## Brief
Give the listing back in full, exactly as written, with the pictures removed.

## Input data
>>

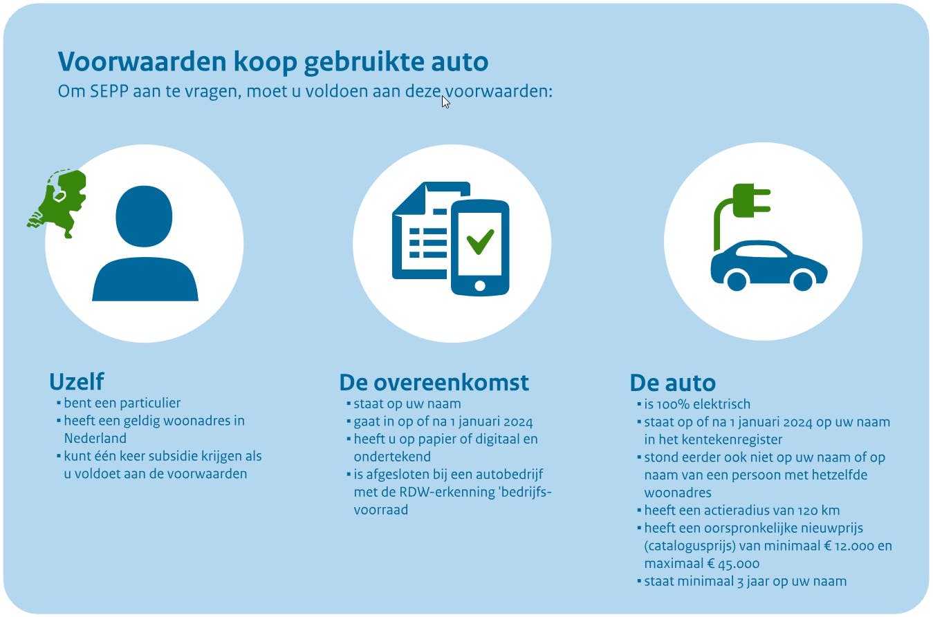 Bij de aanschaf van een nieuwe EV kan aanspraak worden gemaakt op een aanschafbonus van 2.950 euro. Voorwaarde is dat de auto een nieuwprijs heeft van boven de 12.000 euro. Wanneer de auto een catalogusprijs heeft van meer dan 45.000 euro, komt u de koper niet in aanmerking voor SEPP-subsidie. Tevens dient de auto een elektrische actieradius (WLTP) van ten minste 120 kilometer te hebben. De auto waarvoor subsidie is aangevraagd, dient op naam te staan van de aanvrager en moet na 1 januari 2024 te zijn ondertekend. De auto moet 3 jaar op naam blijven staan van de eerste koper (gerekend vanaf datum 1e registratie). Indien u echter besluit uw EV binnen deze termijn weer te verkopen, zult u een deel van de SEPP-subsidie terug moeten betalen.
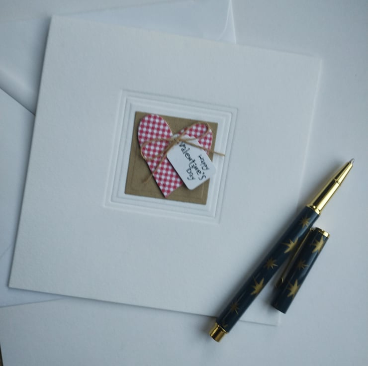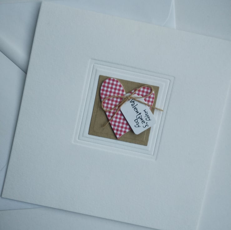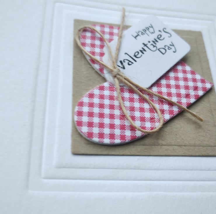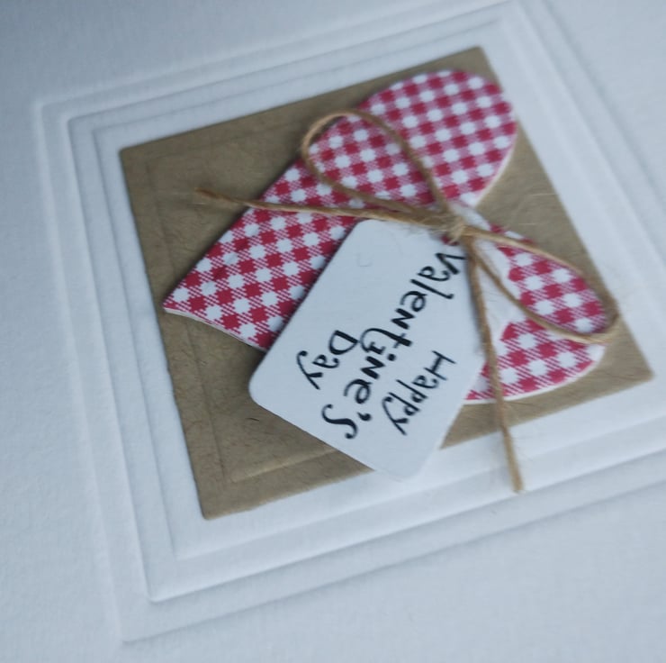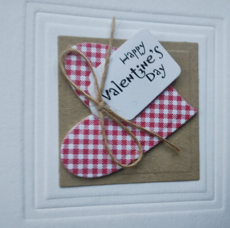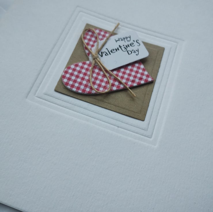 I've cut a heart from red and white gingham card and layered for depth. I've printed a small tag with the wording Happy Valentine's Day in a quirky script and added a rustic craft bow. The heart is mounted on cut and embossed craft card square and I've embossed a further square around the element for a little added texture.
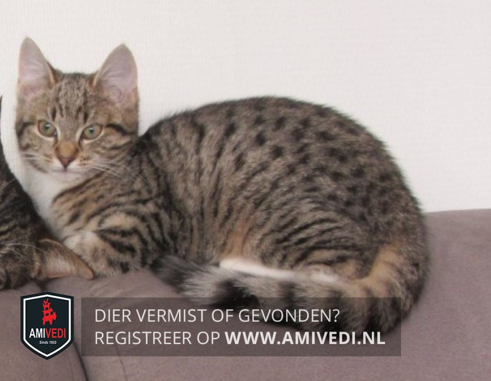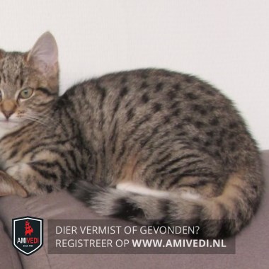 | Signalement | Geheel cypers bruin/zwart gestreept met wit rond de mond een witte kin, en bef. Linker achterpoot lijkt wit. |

<<

## Your response
 Bij de aanschaf van een nieuwe EV kan aanspraak worden gemaakt op een aanschafbonus van 2.950 euro. Voorwaarde is dat de auto een nieuwprijs heeft van boven de 12.000 euro. Wanneer de auto een catalogusprijs heeft van meer dan 45.000 euro, komt u de koper niet in aanmerking voor SEPP-subsidie. Tevens dient de auto een elektrische actieradius (WLTP) van ten minste 120 kilometer te hebben. De auto waarvoor subsidie is aangevraagd, dient op naam te staan van de aanvrager en moet na 1 januari 2024 te zijn ondertekend. De auto moet 3 jaar op naam blijven staan van de eerste koper (gerekend vanaf datum 1e registratie). Indien u echter besluit uw EV binnen deze termijn weer te verkopen, zult u een deel van de SEPP-subsidie terug moeten betalen.
 I've cut a heart from red and white gingham card and layered for depth. I've printed a small tag with the wording Happy Valentine's Day in a quirky script and added a rustic craft bow. The heart is mounted on cut and embossed craft card square and I've embossed a further square around the element for a little added texture.
 | Signalement | Geheel cypers bruin/zwart gestreept met wit rond de mond een witte kin, en bef. Linker achterpoot lijkt wit. |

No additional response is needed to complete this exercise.